Any device that allows user to input sensitive data can be potentially misused – antiphishing protection
Google unable to patch all devices, albeit it’s not exactly their hardware
But what if the device talks to the net via GSM, so that you can’t even sit on a single communication point to analyze traffic anomaly?
Are legislation and standards going to be the solution?

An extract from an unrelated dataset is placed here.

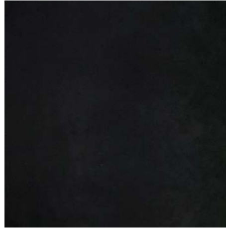
Bronze black patina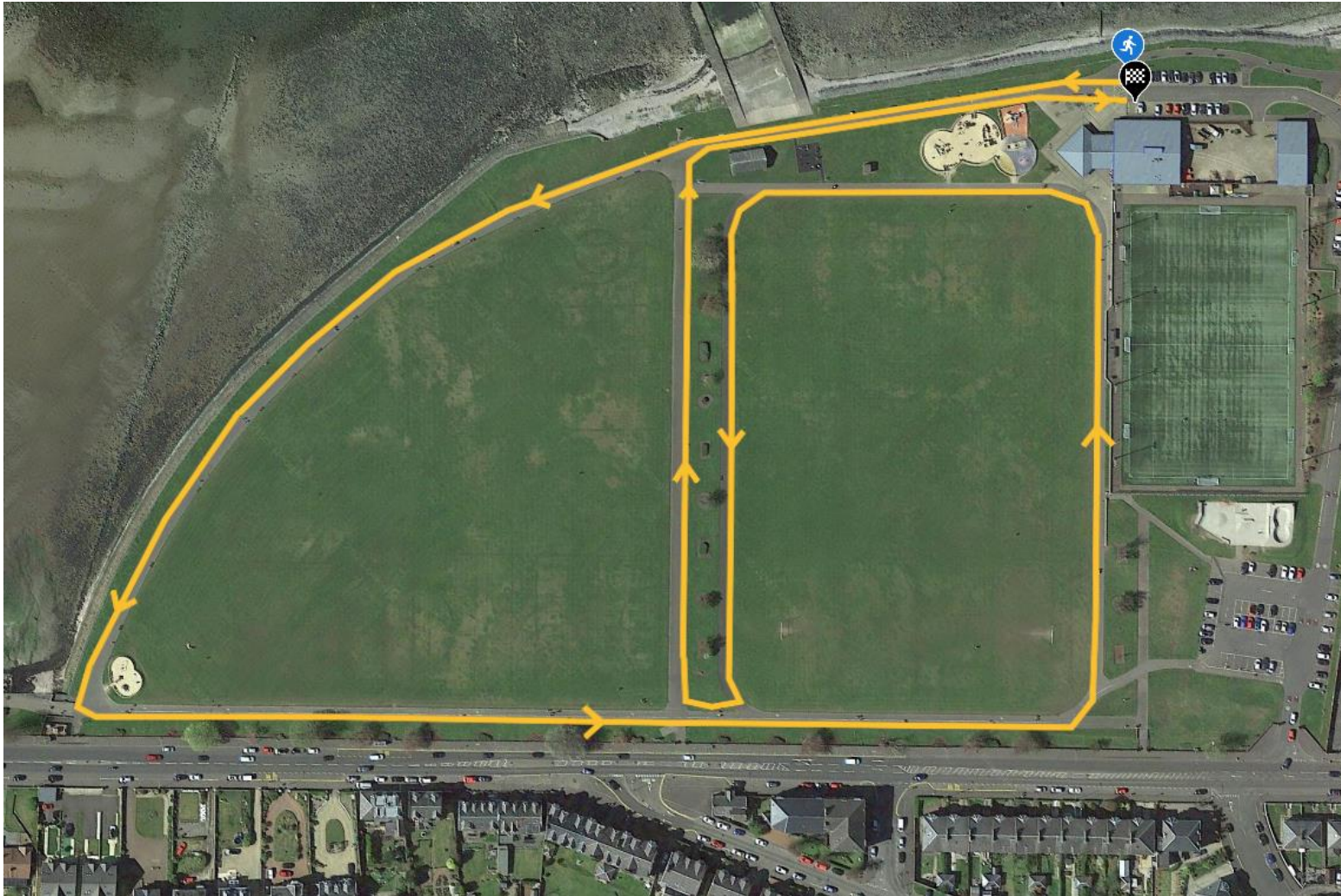
Map 4 - U11 1.6km extended loop of Battery Park

One thing that should be clear about targeted attack: it’s a human perp trying to learn what you have and then break your system, not some super intelligent code itself; if the attacker doesn’t succeed then he’s lame
Dorkbot globally top3 in 2013, top10 in 2014
Now under CME campaign
Of course, with cloud there’s a catch with data protection and recently legislation pressures
Predicting ICT future is hard because it can be influenced by tiny changes – an example about Ransomware and random successful campaign
Cloud adoption – well, if everything is in the cloud then the right solution to attack is physically going after the right people; it is a bit of single point of failure
People work best when they understand each other. Business angle needs to understand and accept security issues, and vice versa.
Last but not least – never trust a guy who’s promising to have the silver bullet. I always tell this specifically to students, explore things yourself and don’t trust anyone, but you. Not even me. ;)Learn, understand and build your own customized defense.
Security folks are an interesting group of people. Security is implemented by people who care, who deeply understand the problem and feel moral responsibility to help out others. Feels good to be a part of the club.